I have not requested the 2nd dish from Dish network yet, but I know they will NOT be able to hit the 61.5 location, and will tell me "sorry, can't do it."

This does unfairly bias the stations on the main satellite against the stations on the side satellite, and I believe it unfair. It may only be a PBS, CBS, and TBN station, but that really doesn't matter. It is not right the other stations in the market should have this unfair advantage.

I am looking for suggestions. I could "forget it" -- or, should I complain? Who do I complain to? Should I complain to the FCC?

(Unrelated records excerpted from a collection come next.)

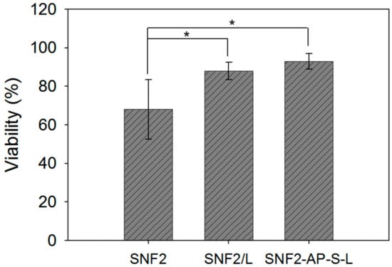Cell viability comparison between PC12 cells cultured on the as-prepared SNF2, SNF2/L, and SNF2-AP-S-L substrates. Assessments were done using LIVE/DEAD® stain with Ethidium Homodimer-1 and Calcein AM 72 h after seeding. n = 12 t-test, * p < 0.05, compared to SNF2.
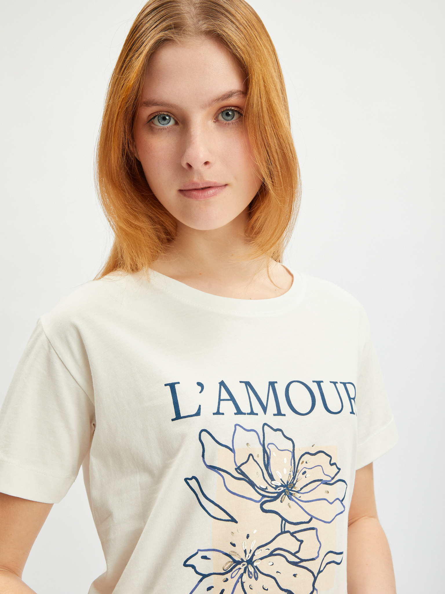 Кремава дамска тениска с къс ръкав ORSAY
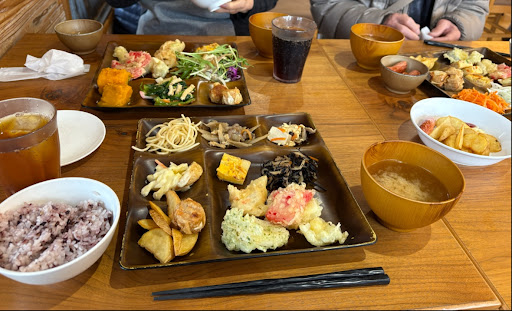 来訪日:2024.1.15 2回目の来店です。 前回は14時ごろに来店しすいていました。今回は13時ごろに来店、並ばなくても座れました。 お客さんは老夫婦やマダムのグループが多かったです。ざっと見て30名は入店可能です。 ビュッフェ形式で平日は90分、休日は60分間です。今だけ日曜祝日も90分だそうです。 レストランの外でも食事を楽しめます。しかも愛犬を連れての食事も可能です。 道の駅奥河内くらまろの里ではドッグランがあるので愛犬と楽しめるレストランは珍しくてよいですね。 こちらの店では揚げたて天ぷらがありました。 エリンギの天ぷらが美味しかったです。正月明けで、クワイの天ぷらもありました。エビやチキン、魚、グラタンなどもあります。 野菜中心でこちらの土地で収穫された新鮮な野菜を提供してくださっています。 ケールを使ったお惣菜は珍しく美味しくいただきました。ぜんざい、ミニケーキもありました。 いいお...
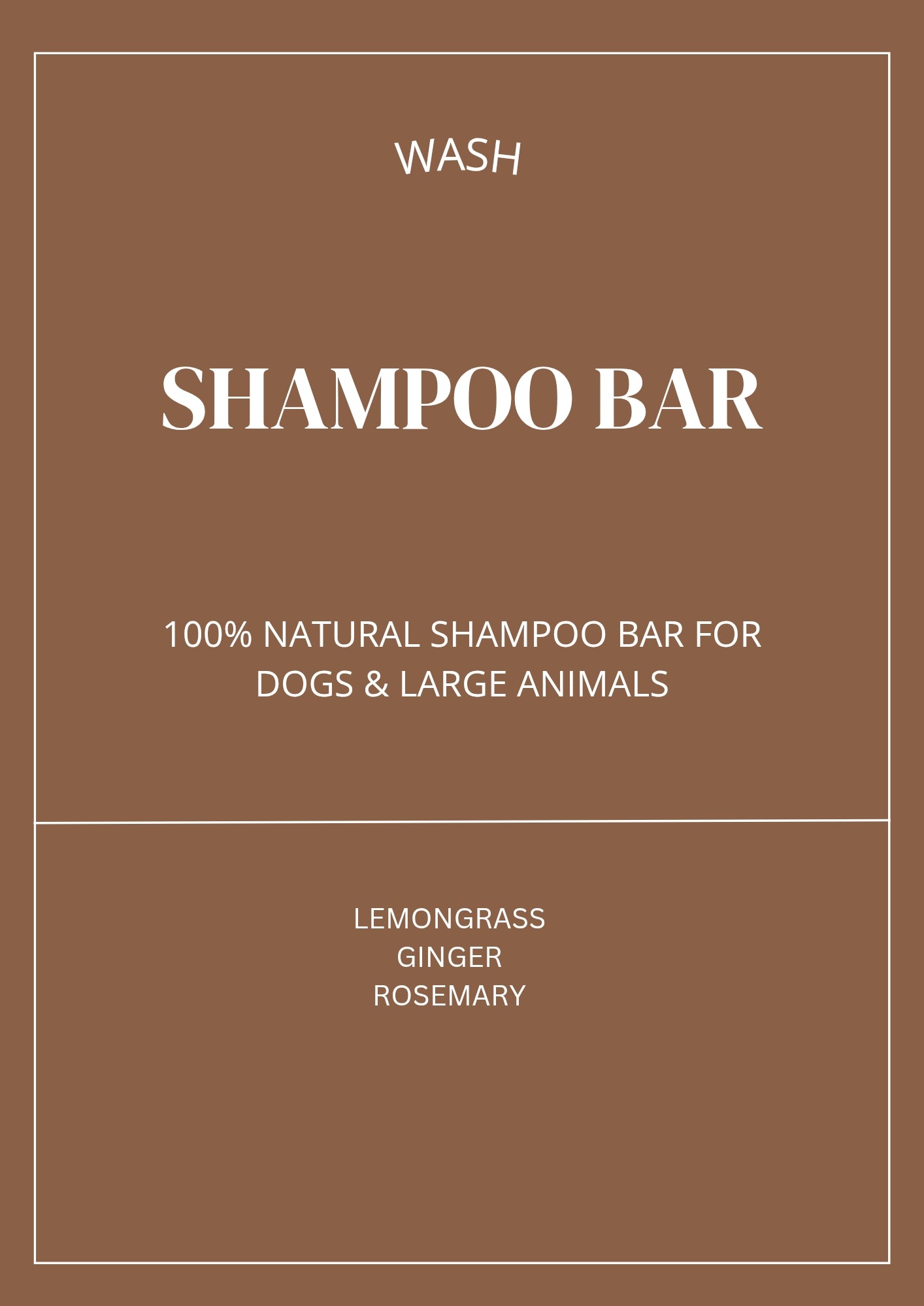 WASH NATURAL SHAMPOO BAR (50G bar) made with natural oils and butters, vegan friendly and specifically designed for dogs this cute shampoo bar foams beautifully and smells fresh and clean. using a dilution of Lavender & Chamomile specifically formulated for the PH of your dogs skin and coat, WASH is also great to prevent itchiness, is a great flea & tick repellent and leaves the coat satisfyingly clean and moisturised.

Thanks in advance for your advice.


----------



## Cyclone (Jul 1, 2002)

It could just as easily bias towards to the 61.5 satellite instead.


----------



## jc17981 (Jun 27, 2002)

I suppose....if I were a Sky Angel subscriber. But, I am not. The liklihood is that if I am a Dish sub, I am probably already hitting the 110 or 119 locations.



jc17981 said:


> I am moving to the Greenville (SC) area. 3 of the local stations are located on the 61.5 satellite. However, this slot is not visible from my new location, given the regulations at the apartment complex.
> 
> I have not requested the 2nd dish from Dish network yet, but I know they will NOT be able to hit the 61.5 location, and will tell me "sorry, can't do it."
> 
> ...


----------



## Geronimo (Mar 23, 2002)

There is considerable controversy over whether this is appropriate. For the momewnt DISH is doing this.


----------



## scooper (Apr 22, 2002)

Sorry dude - you're SOL right now.


----------



## BobMurdoch (Apr 24, 2002)

But things may change dramatically in the next 6 months when the revised SHVIA legislation is passed. They specifically targeted E* and Congress is in the NAB's hip pocket so look for legislation killing this "solution" that E* came up with to handle the bandwidth issue. By next year, I think we will all be complaining about the massive Superdish installs that are going to be required to keep local channels from being shut off.


----------



## TonyM (Aug 14, 2003)

jc17981 said:


> It may only be a PBS, CBS, and TBN station, but that really doesn't matter.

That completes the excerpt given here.